The quality of education offered at these colleges must urgently and drastically be improved. While there are a few highly functional TVET colleges, the sector as a whole does not perform well. Completion rates are low, and as a result of the poor quality and neglect of some colleges, the public and the market hold negative perceptions of TVETs – those who have a choice tend to prefer university, and unemployment rates for youth with TVET college qualifications were more than double that of youth with Bachelor’s degrees (although still much lower than unemployment rates for youth with just a matric).
Accordingly, the Fees Commission report states that money must be poured into improving not only infrastructure, but also the curriculum and teaching standards. EE welcomes this proposal.
Funding students at private institutions
According to the report 10-15% of higher education enrolments are in private institutions of higher learning. There are 114 private higher education and 627 private colleges in the country. The commission understands the existence of the private education sector to be necessary based on two primary points:
- Public higher education institutions will not have sufficient capacity to provide access to the additional number of individual students who will benefit from recommendations outlined in the report. Private institutions can, thus, supplement the lack of capacity.

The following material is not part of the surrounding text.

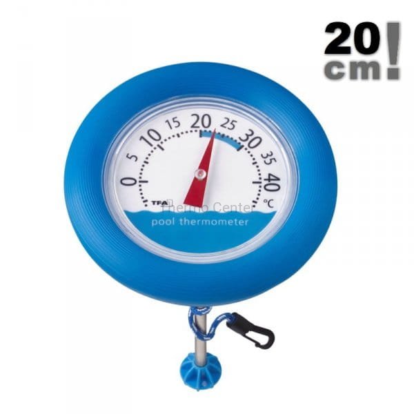 Termometr basenowy TFA 40.2007 mechaniczny pływający, służy do pomiaru temperatury wody w basenie / stawie / sadzawce na głębokości około 150 mm. Termometr unosi się na wodzie (pływa) - w zestawie znajduje się sznurek, za pomocą którego możliwe jest przywiązanie czujnika do brzegu.

- Students and potential students, regardless of economic status, should have a right of choice in attending an institution, particularly when it comes to specialised courses not offered by public higher education institutions.
The Commission, therefore, proposes that the ICL scheme be extended to students who choose to attend private institutions of higher learning.
EE recognises the value of this proposal to address the urgent issue of public higher learning capacity, but recognises it as a short-sighted and temporary intervention. Rather, we support the Commission’s vision of a systemic improvement of public universities and TVET colleges towards building capacity for broad quality access. These recommendations, however, will be deemed illegitimate unless they be coupled with a long-term process towards the de-commodification of education.
Stop the commodification of education!
EE has consistently argued against privatisation in the South African education sector. We recognise education as a social requirement and a public good. We are deeply concerned about the approach that views education and knowledge as a market – that should be bought and sold. There is a worldwide trend of privatising universities, which is leading to the emergence of transnational universities that serve capital interests and reproduce market-led knowledge. We are cautioning the South African government to not be complicit in this trend, by allowing the Commission’s recommendations to encourage the privatisation of education. Coupled with our call for the staggered introduction of free higher education is our call to build the capacity of democratised public universities. This continued commodification of education will have the consequence of trapping the poor in a vicious cycle of debt and leaving the vulnerable young people open to exploitation by the private sector.